***** RAW DATA *****
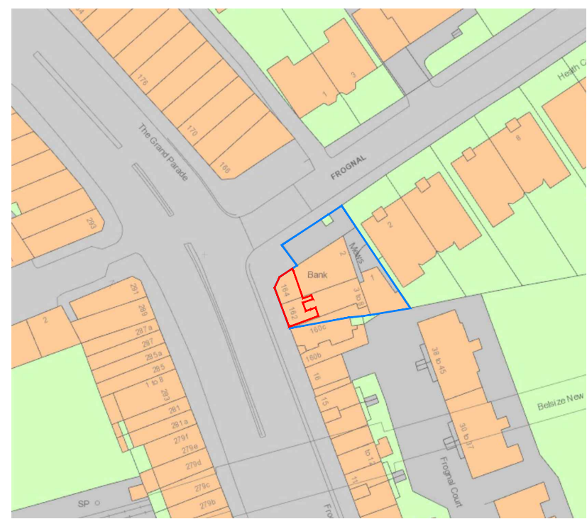
LOCATION PLAN 0 10 20 50M

DOCUMENT NOTES: 1. THIS DRAWING IS FOR PLANNING PURPOSES ONLY AND SHOULD NOT BE USED FOR CONSTRUCTION. 2. THIS DRAWING AND DESIGN IS FOR USE SOLELY IN CONNECTION WITH THE PROJECT DESCRIBED BELOW. 3. THIS DRAWING AND DESIGN IS THE PROPERTY OF AS STUDIO AND MUST NOT BE ISSUED, LOANED OR COPIED WITHOUT WRITTEN CONSENT. 4. THIS DRAWING IS TO BE READ IN CONJUNCTION WITH ALL ADDITIONAL INFORMATION FORMING PART OF THIS APPLICATION.
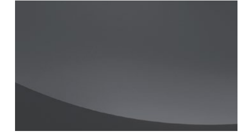
NEBULA GRAY PEARL
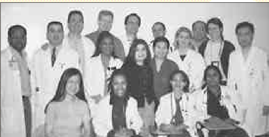
Cook County Hospital Residents for 2002

“When institutional racism was more obviously practiced, CCH played a major role in the lives of African Americans,” she says. “Some can now go to other hospitals, but they continue to frequent CCH due to its tradition of service.” ♦
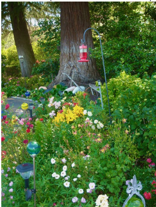
A hummingbird paradise.
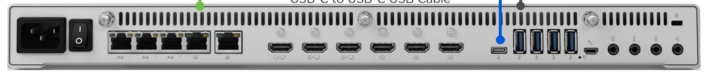
Cisco Codec EQ, Room Bar & Room Bar Pro

*SCTLink2™ Cable Specs Integrator-Supplied CAT6A U/FTP Cable EIA568A or EIA568B (10m-100m min/max Length)
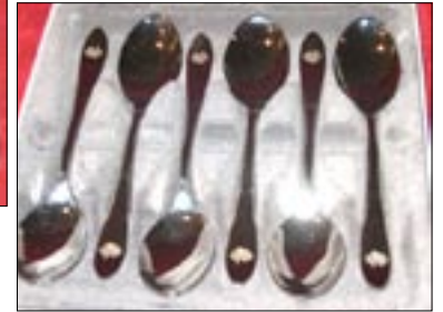
24. Six stainless steel teaspoons with etched GS on handle
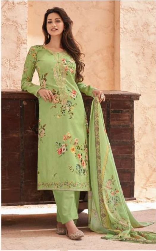
D NO :- 5005
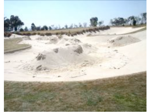
After Bunkertac™ application
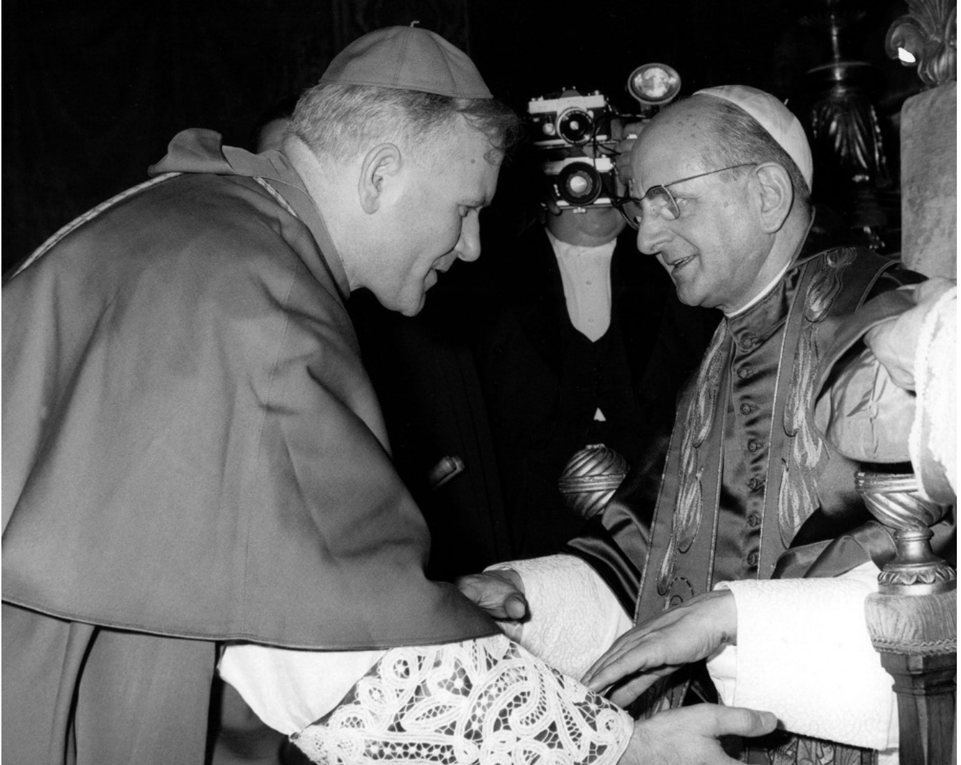
Cardinal Karol Wojtyla, who later became Pope John Paul II, is congratulated by Pope Paul VI at his installation as cardinal in the Sistine Chapel June 26, 1967.
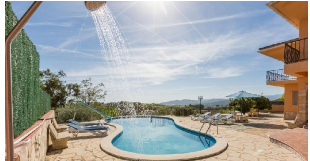
Großes Ferienhaus in Blanes zu verkaufen
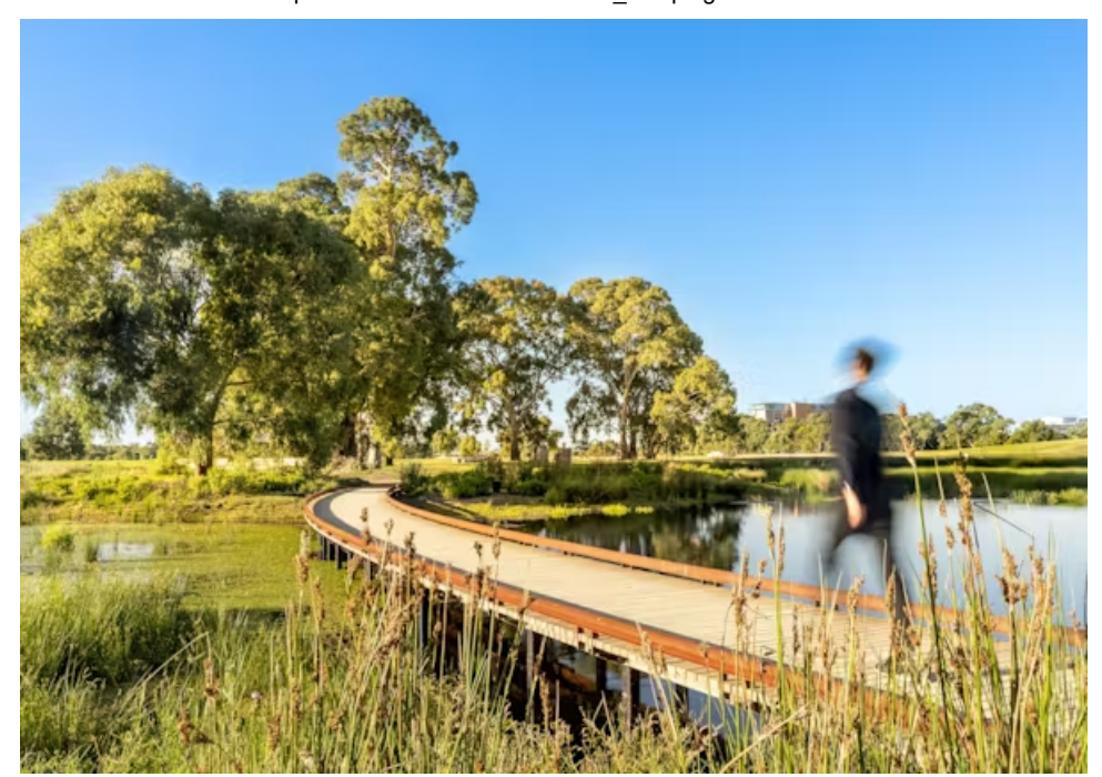
Read more at AILA >>>
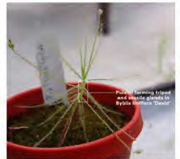
Figure 12: Byblis liniflora 'David' pulvini and sessile glands.

I purchased seed labeled Byblis liniflora from Rare Exotic Seeds on 12 February 2009. I soon discovered that the resulting plants possessed the same pulvinus anomaly that was first documented by Byblis filifolia 'Goliath' in 2008. However, this marvelous cultivar is much smaller (to 20 cm tall) and forms pulvinus on the leaf axils as well as the pedicels. Interestingly, pulvinus formation is unconditional and the leaves move downward to form a tripod-like support for the plant (see Figure 12). Another distinguishing factor is the existence of sessile glands on the shoot apex and leaves (see Figure 13). Branching is rare but does occur.
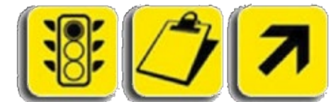
WAREHOUSING & DISTRIBUTION
*****
• PROBLEM: Given the records above, return the lines starting at the one that holds "institutional racism was" and ending at the one that holds "After Bunkertac™ application", exactly, and nothing besides; leave every picture out.

• FINISHED EXERCISE:
“When institutional racism was more obviously practiced, CCH played a major role in the lives of African Americans,” she says. “Some can now go to other hospitals, but they continue to frequent CCH due to its tradition of service.” ♦
A hummingbird paradise.
Cisco Codec EQ, Room Bar & Room Bar Pro

*SCTLink2™ Cable Specs Integrator-Supplied CAT6A U/FTP Cable EIA568A or EIA568B (10m-100m min/max Length)
24. Six stainless steel teaspoons with etched GS on handle
D NO :- 5005
After Bunkertac™ application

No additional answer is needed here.